*Work task*
Please keep to the lines below from the one with "她的固有技能是霓裳羽衣,技能" through the one with "表1:40G收發(fā)器總結(jié)", and restate them word for word, ends included.

*Source data*

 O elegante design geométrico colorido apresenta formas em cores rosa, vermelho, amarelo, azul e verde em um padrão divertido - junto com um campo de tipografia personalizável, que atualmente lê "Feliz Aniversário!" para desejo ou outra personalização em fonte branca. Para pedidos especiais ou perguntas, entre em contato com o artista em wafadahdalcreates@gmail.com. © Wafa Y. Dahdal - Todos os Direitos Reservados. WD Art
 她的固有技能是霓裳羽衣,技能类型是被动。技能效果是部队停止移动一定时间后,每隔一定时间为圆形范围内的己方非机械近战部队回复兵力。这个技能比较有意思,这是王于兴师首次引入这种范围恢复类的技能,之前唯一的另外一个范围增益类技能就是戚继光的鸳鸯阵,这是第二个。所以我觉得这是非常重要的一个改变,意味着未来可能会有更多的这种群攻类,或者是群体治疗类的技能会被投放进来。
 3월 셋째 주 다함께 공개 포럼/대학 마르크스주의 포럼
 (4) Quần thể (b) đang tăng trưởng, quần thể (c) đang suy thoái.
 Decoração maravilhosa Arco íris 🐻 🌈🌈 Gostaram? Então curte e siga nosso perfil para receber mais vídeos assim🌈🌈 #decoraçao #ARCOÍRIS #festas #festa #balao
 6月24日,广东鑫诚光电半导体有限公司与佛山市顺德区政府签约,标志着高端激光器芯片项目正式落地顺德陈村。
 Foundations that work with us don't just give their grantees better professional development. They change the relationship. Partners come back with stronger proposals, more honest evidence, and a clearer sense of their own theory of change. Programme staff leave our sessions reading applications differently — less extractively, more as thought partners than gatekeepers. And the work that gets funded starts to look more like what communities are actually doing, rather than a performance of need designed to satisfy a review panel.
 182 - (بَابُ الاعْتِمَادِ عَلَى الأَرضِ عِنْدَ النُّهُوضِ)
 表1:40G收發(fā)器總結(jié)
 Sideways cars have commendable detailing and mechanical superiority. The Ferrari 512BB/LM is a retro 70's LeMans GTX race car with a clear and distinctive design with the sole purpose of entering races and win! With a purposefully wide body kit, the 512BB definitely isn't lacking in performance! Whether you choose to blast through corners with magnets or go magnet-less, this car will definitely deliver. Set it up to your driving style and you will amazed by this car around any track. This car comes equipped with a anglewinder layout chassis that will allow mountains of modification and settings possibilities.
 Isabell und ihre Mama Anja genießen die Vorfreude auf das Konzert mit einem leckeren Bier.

---

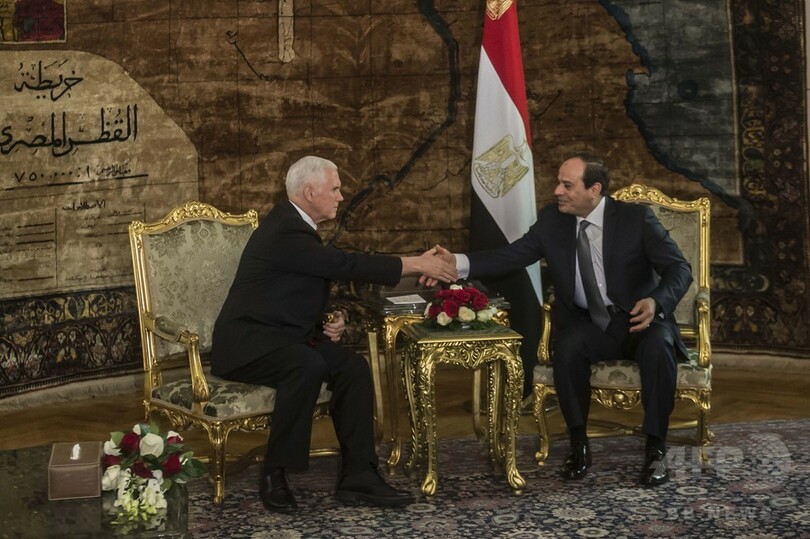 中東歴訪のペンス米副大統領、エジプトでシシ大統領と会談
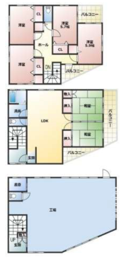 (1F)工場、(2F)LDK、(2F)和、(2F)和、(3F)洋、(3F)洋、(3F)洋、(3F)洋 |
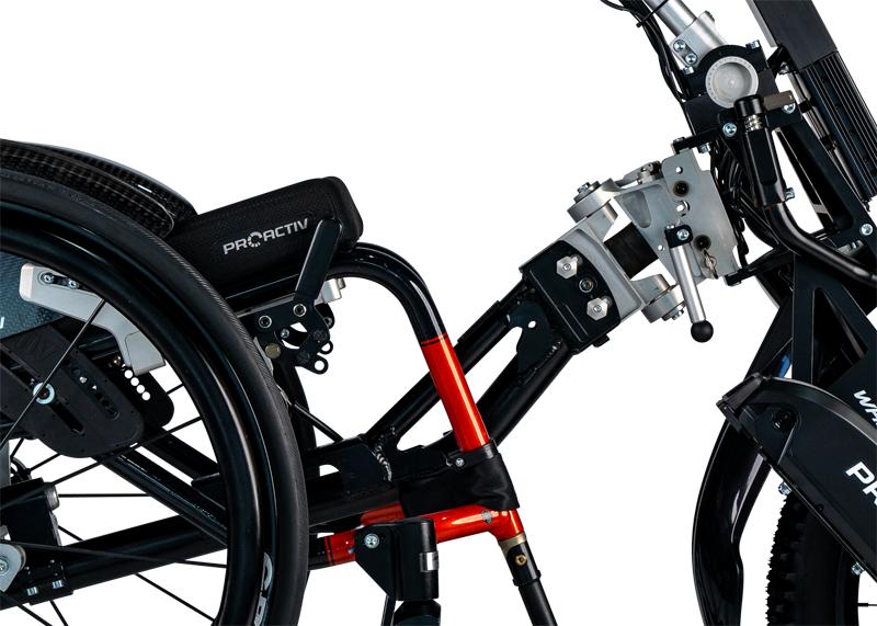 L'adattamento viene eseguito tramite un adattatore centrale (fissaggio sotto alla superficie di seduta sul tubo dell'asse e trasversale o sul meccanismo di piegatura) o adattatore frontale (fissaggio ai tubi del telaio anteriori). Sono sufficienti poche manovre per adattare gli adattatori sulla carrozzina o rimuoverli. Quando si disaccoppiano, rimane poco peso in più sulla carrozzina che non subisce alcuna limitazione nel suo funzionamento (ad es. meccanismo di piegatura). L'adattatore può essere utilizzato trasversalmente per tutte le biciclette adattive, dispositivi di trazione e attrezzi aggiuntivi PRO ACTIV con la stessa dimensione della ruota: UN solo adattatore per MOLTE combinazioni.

*Your response*
 她的固有技能是霓裳羽衣,技能类型是被动。技能效果是部队停止移动一定时间后,每隔一定时间为圆形范围内的己方非机械近战部队回复兵力。这个技能比较有意思,这是王于兴师首次引入这种范围恢复类的技能,之前唯一的另外一个范围增益类技能就是戚继光的鸳鸯阵,这是第二个。所以我觉得这是非常重要的一个改变,意味着未来可能会有更多的这种群攻类,或者是群体治疗类的技能会被投放进来。
 3월 셋째 주 다함께 공개 포럼/대학 마르크스주의 포럼
 (4) Quần thể (b) đang tăng trưởng, quần thể (c) đang suy thoái.
 Decoração maravilhosa Arco íris 🐻 🌈🌈 Gostaram? Então curte e siga nosso perfil para receber mais vídeos assim🌈🌈 #decoraçao #ARCOÍRIS #festas #festa #balao
 6月24日,广东鑫诚光电半导体有限公司与佛山市顺德区政府签约,标志着高端激光器芯片项目正式落地顺德陈村。
 Foundations that work with us don't just give their grantees better professional development. They change the relationship. Partners come back with stronger proposals, more honest evidence, and a clearer sense of their own theory of change. Programme staff leave our sessions reading applications differently — less extractively, more as thought partners than gatekeepers. And the work that gets funded starts to look more like what communities are actually doing, rather than a performance of need designed to satisfy a review panel.
 182 - (بَابُ الاعْتِمَادِ عَلَى الأَرضِ عِنْدَ النُّهُوضِ)
 表1:40G收發(fā)器總結(jié)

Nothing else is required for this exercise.